Overall, no ZEN or ZEN metabolite accumulation was detected in any of the larval groups in this study. Furthermore, after the experimental and 24-h fasting period, no ZEN-related substances could be detected in the insects. Thus, all of the monitored substances are efficiently and rapidly excreted from the organism. Also, Guo et al. (2014) and van Broekhoven et al. (2017) did not detect any DON or DON derivatives in T. molitor larvae fed with infested wheat (Guo et al. 2014; Van Broekhoven et al. 2017). However, it cannot be excluded that non-detection is due to the fact that metabolites were formed which do not fall in the scope of this study.
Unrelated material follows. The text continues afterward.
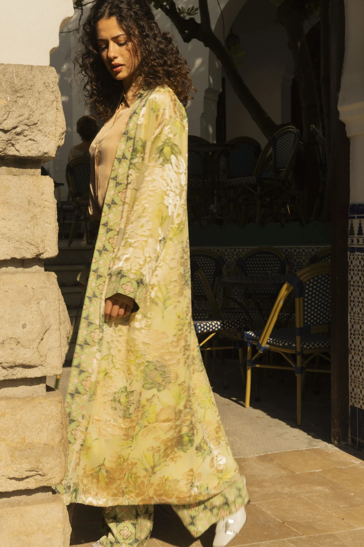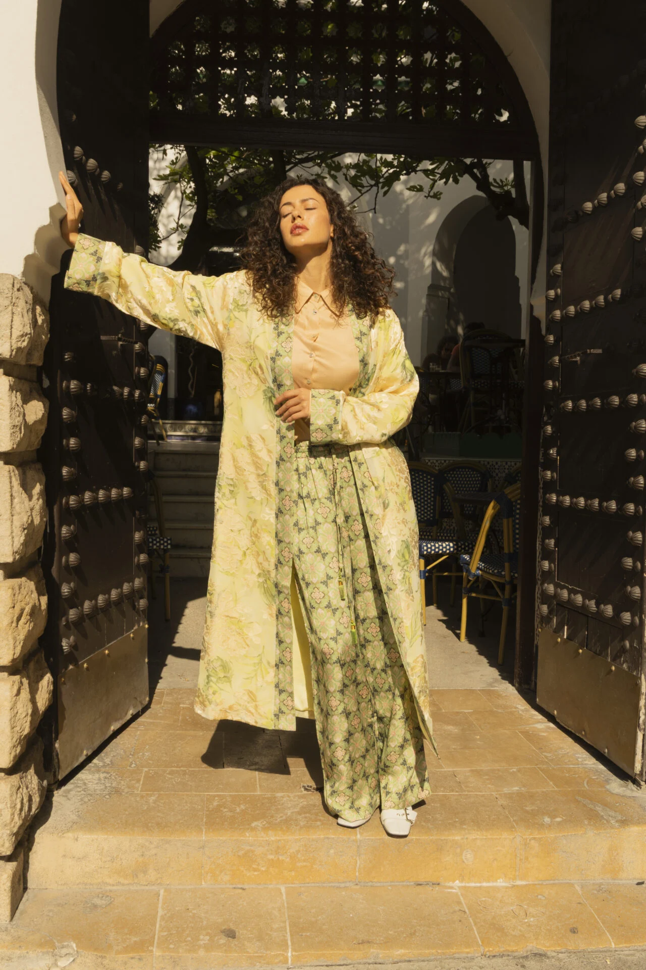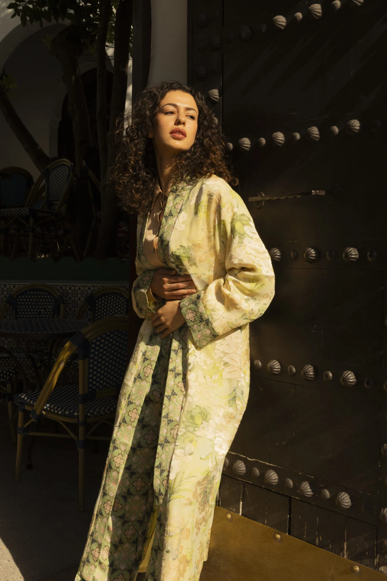 Kimono fluide d’inspiration botanique, sublimé par de délicates nuances de vert et des reflets lumineux. Son tissu léger et légèrement translucide enveloppe la silhouette avec douceur, offrant un mouvement naturel et une élégance subtile.

The present study suggests that transformation of either ZEN to ZEL or ZEN14Sulf to ZELSulf but no sulfation takes place during larval metabolism. This is in accordance with a study of Camenzuli et al. (2018) who showed that α- and β-ZEL were detected in the residue of black soldier fly larvae (H. illucens), while only ZEN was present in the initial feed (Camenzuli et al. 2018). Similar results were also found by Keller et al. (2018) who observed that the nematode C. elegans metabolised ZEN into α- and/or β-ZEL, while ZEN14Sulf was metabolised in α- and/or β-ZELSulf (Keller et al. 2018). The research performed by Kostaropoulos et al. (1996) shows that detoxification enzymes are present in T. molitor, which makes ZEN metabolism in larvae possible (Kostaropoulos et al. 1996). However, also other biotransformation reactions catalysed by the larvae themselves or by bacteria colonising, the larval digestion tract could be considered. Within the present study, the amount of α- and β-ZEL found in the residue is in all cases double as much for β-ZEL, compared to α-ZEL. The aforementioned is in accordance with data found in previous performed research, where it was shown that metabolism of ZEN into α- and/or β-ZEL occurs in different ratios depending on the animal species (Yang et al. 2017). It is known that α-derivatives are more abundant in dogs, pigs and turkey, while the β-derivatives are more prevailing in goats, horses, cattle and laying hens (EFSA 2017). Mammal species including humans predominantly form the conjugated ZEN or ZEL sulfates and glucuronides that appear to be absent in insects or nematodes despite the fact that, e.g. insects possess enzymes of the sulfotransferase class which would in principle enable them to for e.g. ZEN14Sulf formation (Pfeiffer et al. 2010, 2011; Zöllner et al. 2002). Further studies on the metabolism of ZEN showed that Fusarium graminearum, Aspergillus niger and Rhizopus arrhizus can transform ZEN into ZEN14Sulf and presented the formation of glucosides and sulfates by several Aspergillus oryzae strains and Rhizopus species (Brodehl et al. 2014; el-Sharkawy et al. 1991). For ZEN, at least it becomes obvious that the phase I metabolism shows clear similarity to other species investigated earlier while none of those animal or microorganism models had a similar outcome for the phase II metabolism shown in our feeding trial with T. molitor.

From the food and feed safety perspective, our data enforces the findings published for the fate of ZEN in other insect species such as larvae of black soldier fly (H. illucens) and lesser mealworm (A. diaperinus). The vast majority of ingested toxin is rapidly excreted and having in mind the common application of an at least 24-h fasting period before harvesting the larvae, the remaining ZEN as well as its metabolites should be negligible in the insects.

Although neither ZEN nor its reductive metabolites are detectable in the T. molitor, the intense formation of the more potent oestrogen α-ZEL might impact on the organism. It should be investigated in how far oestrogenic substances could impair the pupation of the larvae and thus negatively influence the reproduction process of T. molitor to avoid negative effects on the stable reproduction capability when the insect is used for feed production (McCallum et al. 2013; Roy et al. 2007).